Did you ever see that scary reality TV show The Swan? It was like they made every contestant into the same woman. At the end of the show they would let the victim look into the mirror for the 1st time in months.
“…and now you too are… Swan” it’s f’n crazy. If that was me and I was getting to see myself for the 1st time and I looked exactly the same as the Swan from last weeks episode I would be a little upset. I wouldn’t be crying tears of joy cause I was ‘purdy’ that’s for sure.
Which brings me back to poor Lindsay Lohan. She was a beautiful red headed young woman. She even won the Nickelodeon kid’s choice award or some shit. She also had a great natural figure. But then it happened. She started to get famous.
First came the breast implants (or are they?) Real or fake? you decide.
Then the voices in Lindsey’s head started saying:
“Look at fatty boombalatty Lindsay Lohan”
“She looks (gasp) healthy!?!?
“Stop shoveling food into your ugly botox-less face without committing to throwing it up later tubs”
“Your boobs don’t look as good as Britney’s” and so on…

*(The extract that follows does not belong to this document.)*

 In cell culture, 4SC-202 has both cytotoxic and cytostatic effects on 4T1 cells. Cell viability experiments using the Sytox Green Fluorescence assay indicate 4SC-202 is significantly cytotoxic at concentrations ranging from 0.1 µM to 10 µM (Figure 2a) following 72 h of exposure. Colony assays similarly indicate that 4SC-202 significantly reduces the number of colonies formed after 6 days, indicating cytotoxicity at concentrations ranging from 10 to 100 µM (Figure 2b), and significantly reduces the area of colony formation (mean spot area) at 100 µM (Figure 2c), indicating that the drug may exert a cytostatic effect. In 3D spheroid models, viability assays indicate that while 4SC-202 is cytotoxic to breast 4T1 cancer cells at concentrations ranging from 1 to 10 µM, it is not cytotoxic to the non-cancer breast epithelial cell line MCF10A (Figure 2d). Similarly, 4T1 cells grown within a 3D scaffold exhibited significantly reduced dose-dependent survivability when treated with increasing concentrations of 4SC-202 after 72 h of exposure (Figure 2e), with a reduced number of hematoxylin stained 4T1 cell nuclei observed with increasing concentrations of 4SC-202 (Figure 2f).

So Lindsay did what any up and coming young actress out of her right mind would do.
She bleached her hair ghost white, lost fifty pounds from everywhere but her melon head, took the boobs back to the store, and stopped eating anything that resembled food.
Now she looks horrible. She is sickly skinny and looks like the albino version of death. That did manage to land her the staring roll in Herbie Honks for Hooters. Needless to say Herbie and movie goers didn’t honk and the movie went into the shitter.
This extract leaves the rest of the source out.